Dataset entries
'''

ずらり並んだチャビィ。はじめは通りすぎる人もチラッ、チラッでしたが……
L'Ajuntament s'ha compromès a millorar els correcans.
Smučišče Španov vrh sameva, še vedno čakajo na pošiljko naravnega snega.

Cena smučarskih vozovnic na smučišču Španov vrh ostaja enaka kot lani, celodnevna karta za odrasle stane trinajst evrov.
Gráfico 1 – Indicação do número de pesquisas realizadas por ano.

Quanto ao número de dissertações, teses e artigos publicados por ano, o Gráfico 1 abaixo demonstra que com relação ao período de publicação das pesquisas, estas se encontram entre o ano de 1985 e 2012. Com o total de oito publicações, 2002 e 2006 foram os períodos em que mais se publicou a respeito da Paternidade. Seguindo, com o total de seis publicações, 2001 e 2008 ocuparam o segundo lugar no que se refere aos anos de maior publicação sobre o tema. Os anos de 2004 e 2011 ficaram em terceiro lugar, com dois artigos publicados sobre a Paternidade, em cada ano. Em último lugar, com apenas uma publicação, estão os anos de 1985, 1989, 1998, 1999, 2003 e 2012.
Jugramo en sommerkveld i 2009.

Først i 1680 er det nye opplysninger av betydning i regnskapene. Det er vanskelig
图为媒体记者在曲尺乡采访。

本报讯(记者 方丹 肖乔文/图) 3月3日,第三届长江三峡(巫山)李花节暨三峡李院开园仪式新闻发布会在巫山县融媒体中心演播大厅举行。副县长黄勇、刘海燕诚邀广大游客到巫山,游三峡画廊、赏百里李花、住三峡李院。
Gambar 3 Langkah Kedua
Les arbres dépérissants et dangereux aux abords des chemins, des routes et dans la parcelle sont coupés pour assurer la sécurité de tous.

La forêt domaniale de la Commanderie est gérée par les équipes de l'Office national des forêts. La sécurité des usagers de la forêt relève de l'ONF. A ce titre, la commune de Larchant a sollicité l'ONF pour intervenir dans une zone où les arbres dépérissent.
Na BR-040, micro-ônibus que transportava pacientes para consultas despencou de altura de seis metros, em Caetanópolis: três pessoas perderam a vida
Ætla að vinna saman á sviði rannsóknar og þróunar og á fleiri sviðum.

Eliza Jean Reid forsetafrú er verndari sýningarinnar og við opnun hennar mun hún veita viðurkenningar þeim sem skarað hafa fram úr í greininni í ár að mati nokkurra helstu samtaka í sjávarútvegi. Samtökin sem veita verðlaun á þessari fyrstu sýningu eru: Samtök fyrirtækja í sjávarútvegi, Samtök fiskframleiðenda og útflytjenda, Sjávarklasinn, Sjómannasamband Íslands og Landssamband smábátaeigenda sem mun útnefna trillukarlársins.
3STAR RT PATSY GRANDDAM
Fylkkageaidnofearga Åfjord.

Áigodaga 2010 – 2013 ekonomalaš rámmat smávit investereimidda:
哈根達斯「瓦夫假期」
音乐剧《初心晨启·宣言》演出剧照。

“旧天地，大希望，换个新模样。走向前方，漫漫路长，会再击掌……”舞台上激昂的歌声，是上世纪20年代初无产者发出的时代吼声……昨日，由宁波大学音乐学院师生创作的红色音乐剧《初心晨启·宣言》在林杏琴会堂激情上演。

'''

▶ **WHAT IS NEEDED**: Give a word-for-word restatement of every record.

▶ **RESULT OF THIS TASK**:
ずらり並んだチャビィ。はじめは通りすぎる人もチラッ、チラッでしたが……
L'Ajuntament s'ha compromès a millorar els correcans.
Smučišče Španov vrh sameva, še vedno čakajo na pošiljko naravnega snega.

Cena smučarskih vozovnic na smučišču Španov vrh ostaja enaka kot lani, celodnevna karta za odrasle stane trinajst evrov.
Gráfico 1 – Indicação do número de pesquisas realizadas por ano.

Quanto ao número de dissertações, teses e artigos publicados por ano, o Gráfico 1 abaixo demonstra que com relação ao período de publicação das pesquisas, estas se encontram entre o ano de 1985 e 2012. Com o total de oito publicações, 2002 e 2006 foram os períodos em que mais se publicou a respeito da Paternidade. Seguindo, com o total de seis publicações, 2001 e 2008 ocuparam o segundo lugar no que se refere aos anos de maior publicação sobre o tema. Os anos de 2004 e 2011 ficaram em terceiro lugar, com dois artigos publicados sobre a Paternidade, em cada ano. Em último lugar, com apenas uma publicação, estão os anos de 1985, 1989, 1998, 1999, 2003 e 2012.
Jugramo en sommerkveld i 2009.

Først i 1680 er det nye opplysninger av betydning i regnskapene. Det er vanskelig
图为媒体记者在曲尺乡采访。

本报讯(记者 方丹 肖乔文/图) 3月3日,第三届长江三峡(巫山)李花节暨三峡李院开园仪式新闻发布会在巫山县融媒体中心演播大厅举行。副县长黄勇、刘海燕诚邀广大游客到巫山,游三峡画廊、赏百里李花、住三峡李院。
Gambar 3 Langkah Kedua
Les arbres dépérissants et dangereux aux abords des chemins, des routes et dans la parcelle sont coupés pour assurer la sécurité de tous.

La forêt domaniale de la Commanderie est gérée par les équipes de l'Office national des forêts. La sécurité des usagers de la forêt relève de l'ONF. A ce titre, la commune de Larchant a sollicité l'ONF pour intervenir dans une zone où les arbres dépérissent.
Na BR-040, micro-ônibus que transportava pacientes para consultas despencou de altura de seis metros, em Caetanópolis: três pessoas perderam a vida
Ætla að vinna saman á sviði rannsóknar og þróunar og á fleiri sviðum.

Eliza Jean Reid forsetafrú er verndari sýningarinnar og við opnun hennar mun hún veita viðurkenningar þeim sem skarað hafa fram úr í greininni í ár að mati nokkurra helstu samtaka í sjávarútvegi. Samtökin sem veita verðlaun á þessari fyrstu sýningu eru: Samtök fyrirtækja í sjávarútvegi, Samtök fiskframleiðenda og útflytjenda, Sjávarklasinn, Sjómannasamband Íslands og Landssamband smábátaeigenda sem mun útnefna trillukarlársins.
3STAR RT PATSY GRANDDAM
Fylkkageaidnofearga Åfjord.

Áigodaga 2010 – 2013 ekonomalaš rámmat smávit investereimidda:
哈根達斯「瓦夫假期」
音乐剧《初心晨启·宣言》演出剧照。

“旧天地，大希望，换个新模样。走向前方，漫漫路长，会再击掌……”舞台上激昂的歌声，是上世纪20年代初无产者发出的时代吼声……昨日，由宁波大学音乐学院师生创作的红色音乐剧《初心晨启·宣言》在林杏琴会堂激情上演。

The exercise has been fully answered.